▶ _WORK INSTRUCTION_
Omit all pictures, then repeat the listing exactly.
*** GIVEN MATERIAL ***
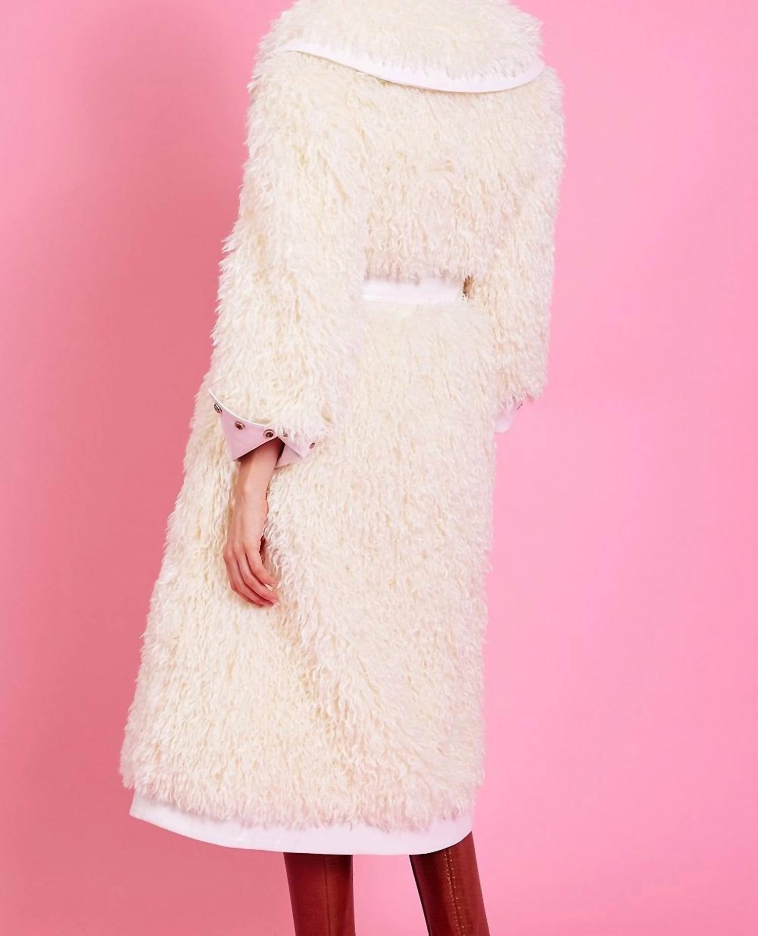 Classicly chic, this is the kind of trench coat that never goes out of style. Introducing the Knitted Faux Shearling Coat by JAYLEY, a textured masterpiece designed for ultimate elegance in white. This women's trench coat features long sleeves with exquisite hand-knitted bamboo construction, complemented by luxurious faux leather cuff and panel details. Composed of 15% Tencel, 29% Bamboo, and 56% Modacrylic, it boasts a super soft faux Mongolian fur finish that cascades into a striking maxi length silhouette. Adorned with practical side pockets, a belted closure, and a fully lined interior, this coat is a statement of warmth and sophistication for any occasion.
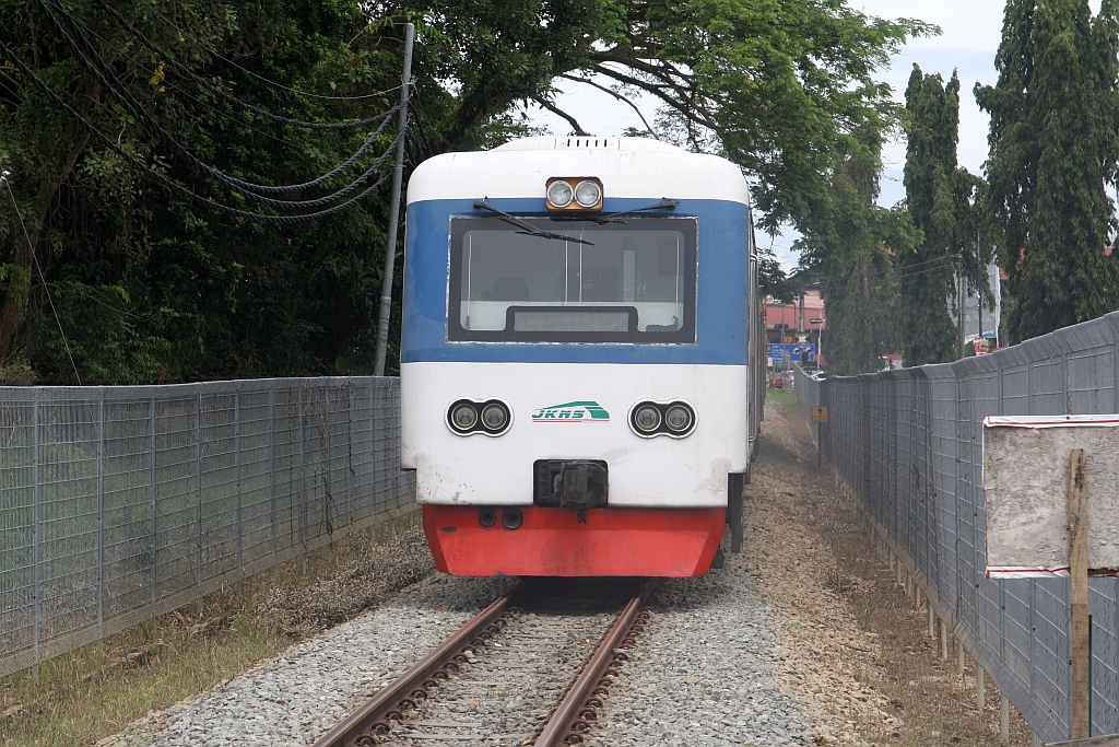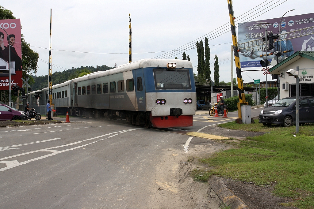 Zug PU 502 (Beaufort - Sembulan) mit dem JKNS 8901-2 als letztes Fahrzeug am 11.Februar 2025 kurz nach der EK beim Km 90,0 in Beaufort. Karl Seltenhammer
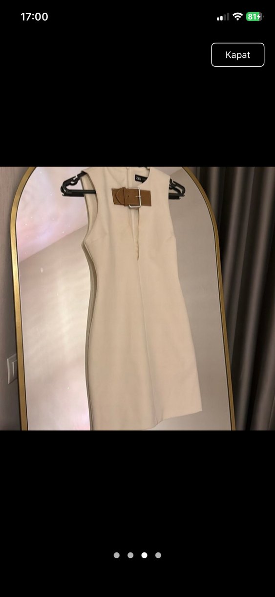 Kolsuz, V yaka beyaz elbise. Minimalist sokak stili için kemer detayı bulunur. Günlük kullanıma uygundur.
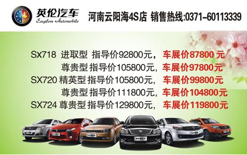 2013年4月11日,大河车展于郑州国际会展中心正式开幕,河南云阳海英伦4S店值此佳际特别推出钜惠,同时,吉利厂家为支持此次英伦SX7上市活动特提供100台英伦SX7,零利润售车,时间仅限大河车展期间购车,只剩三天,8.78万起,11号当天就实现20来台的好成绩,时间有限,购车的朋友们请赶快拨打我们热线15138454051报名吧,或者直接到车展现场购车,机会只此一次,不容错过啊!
***
▶ _RESULT BELOW_
 Classicly chic, this is the kind of trench coat that never goes out of style. Introducing the Knitted Faux Shearling Coat by JAYLEY, a textured masterpiece designed for ultimate elegance in white. This women's trench coat features long sleeves with exquisite hand-knitted bamboo construction, complemented by luxurious faux leather cuff and panel details. Composed of 15% Tencel, 29% Bamboo, and 56% Modacrylic, it boasts a super soft faux Mongolian fur finish that cascades into a striking maxi length silhouette. Adorned with practical side pockets, a belted closure, and a fully lined interior, this coat is a statement of warmth and sophistication for any occasion.
 Zug PU 502 (Beaufort - Sembulan) mit dem JKNS 8901-2 als letztes Fahrzeug am 11.Februar 2025 kurz nach der EK beim Km 90,0 in Beaufort. Karl Seltenhammer
 Kolsuz, V yaka beyaz elbise. Minimalist sokak stili için kemer detayı bulunur. Günlük kullanıma uygundur.
 2013年4月11日,大河车展于郑州国际会展中心正式开幕,河南云阳海英伦4S店值此佳际特别推出钜惠,同时,吉利厂家为支持此次英伦SX7上市活动特提供100台英伦SX7,零利润售车,时间仅限大河车展期间购车,只剩三天,8.78万起,11号当天就实现20来台的好成绩,时间有限,购车的朋友们请赶快拨打我们热线15138454051报名吧,或者直接到车展现场购车,机会只此一次,不容错过啊!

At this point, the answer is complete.